2013 started pretty much as expected. Well, a lot where 2012 left off. I'd only got back on the bike in November 2012 after being hit by a van. The Tour of Flanders lie ahead in March and I was getting miles any way I could. On St Patricks Day a few of us did the Lionheart out of Longleat in Wiltshire. Woke up to snow. The Ronde in Flanders was just weeks away and it was 160 miles or 250 kilometres. 

The announced that the 100 mile course was to be shut and all of us would be doing the 100km one. I was secretly relieved but that's 150km less than Flanders. It was so cold. It proved useful for fortitude training as the bleak, windswept Belgian landscape loomed with its "Flandrian" weather; it was obvious that fortitude training might be more important than biomechanics and oxygen transport work.
My hands hated it. I got frostbite on a building site in a freak storm off Lake Ontario years ago. Now my fingers don't react to the cold very well and on a bike it seems to be magnified because of the blood demands of the legs and having the hands only holding bars not moving.


Off to Belgium feeling under prepared. Kicking myself for not getting a turbo trainer.
Flanders was hard, hard, hard. It started well. Cold but well. I woke up at 3am and drove from Ghent to Oudenaarde to get the bus to Brugge at 5am. I was supposed to meet some people but it was so cold I took off. The first 100km are pretty flat and you with the large numbers we were going well over 35kmh without even trying.
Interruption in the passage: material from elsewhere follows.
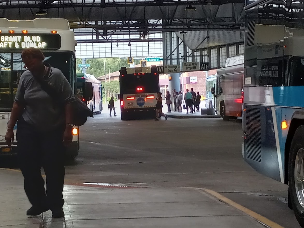 A lineup is when multiple buses—as few as 8 and as many as 20, but usually about 15—arrive at the Hub, layover, and then depart simultaneously. It’s an impressive sight as buses pull in one after another, riders speedwalk between connections, operators trade off shifts, and then all the buses leave together with a cacophony of honking, shouts, and revving engines. If you’ve ever seen a row of buses running north up Salina or State Streets, that’s the immediate aftermath of a lineup. On Centro’s current reduced (since 2021) service, 89% of runs begin at one of the 31 daily lineups. They are the organizing principle of Syracuse’s transit network.

Then (because of the large number of people) a pothole appeared in front of me. No place to go without hitting someone, I bunny hopped it. My back wheel caught the far edge. Minutes later I had a pinch flat. I pulled into a recycling area off the road. Two others were fixing flats. I got out the co2 and inner tube and changed it. Put the co2 on and it all emptied before I could get it on the tire. Last container...same thing. Stranded. Everyone had gone by. There were groups of late starters going by and I took the emergency number out of my pocket. The one you call when you quit. I looked at it. I put it back in my pocket and waited. Everything in my world went completely black. I was just past a roundabout on the Belgian French border on what looked like an industrial estate. Alone. Flat tire and over 100 miles left of the 160. Then, a Belgian man with a flat tire pulled up. We chatted. He was on his third flat and said "there goes my chances of victory!" I laughed so hard. I told him about the co2. He let me use his pump and then called it a day and phoned for a ride. I got on and pedalled alone into the wind going east.
I kept going. The cobbles, the supporters, other riders soon brightened my mood. It was a very long day but by the time I'd reached the finish at Oudenaarde in the light snow, I felt like I'd done something epic. The hardest part of the day was overcoming myself on the French border. That will be with me forever.